La schiera di mulini a vento – tanto simili a quelli di Consuegra da sembrare in attesa di un Don Chisciotte in vacanza – guardano dritto verso la antiche case dei pirati di Little Venice, costruite a filo d’ acqua, con le onde che di tanto in tanto entrano a far visita.

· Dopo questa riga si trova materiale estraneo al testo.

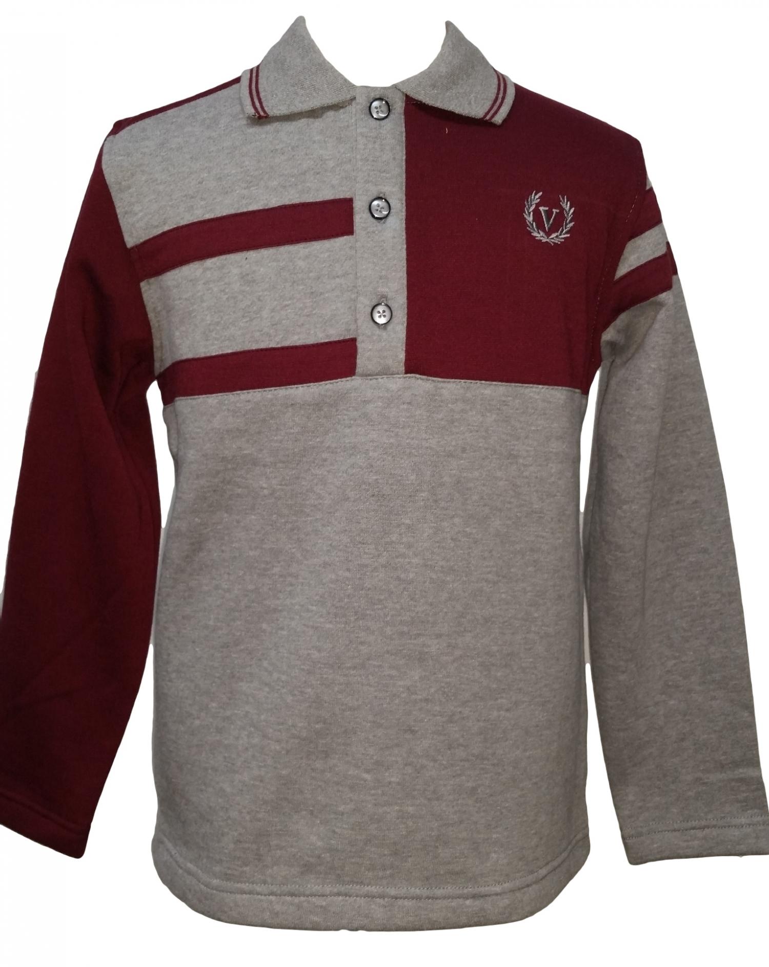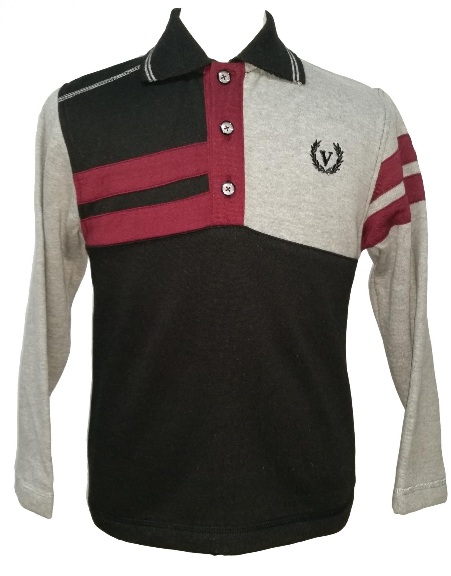 FLEECE POLO SHIRT, 60% COTTON 40% POLY, BLACK WITH MAROON, SIZE 2-17 & 8-16, STYLE # 360

Le stradine tortuose, bianche e celesti, un intrico di anfratti, angoli, scale, vicoli ciechi dove si divertono i gatti e dove ci si può perdere con incoscienza tanto prima o poi si tornerà al mare.
Ecco, la bellezza.
Ma questa è solo una cartolina.
La realtà è fatta di un deposito di auto abbandonate, arrugginite e polverose proprio sotto al poggio che regala la superba vista sulla città vecchia; dei disco bar di Little Venice che hanno preso il posto dei pirati ed aspettano il tramonto per riempirsi di gente che vuole applaudire il sole che cala; di vicoli assediati dalla paccottiglia e rigurgitanti folla che nemmeno Venezia a Carnevale. Non c’è posto per fermarsi un attimo ad ammirare una chiesa, c’è subito dietro qualcuno che ti spinge perché deve comprarsi una maglietta.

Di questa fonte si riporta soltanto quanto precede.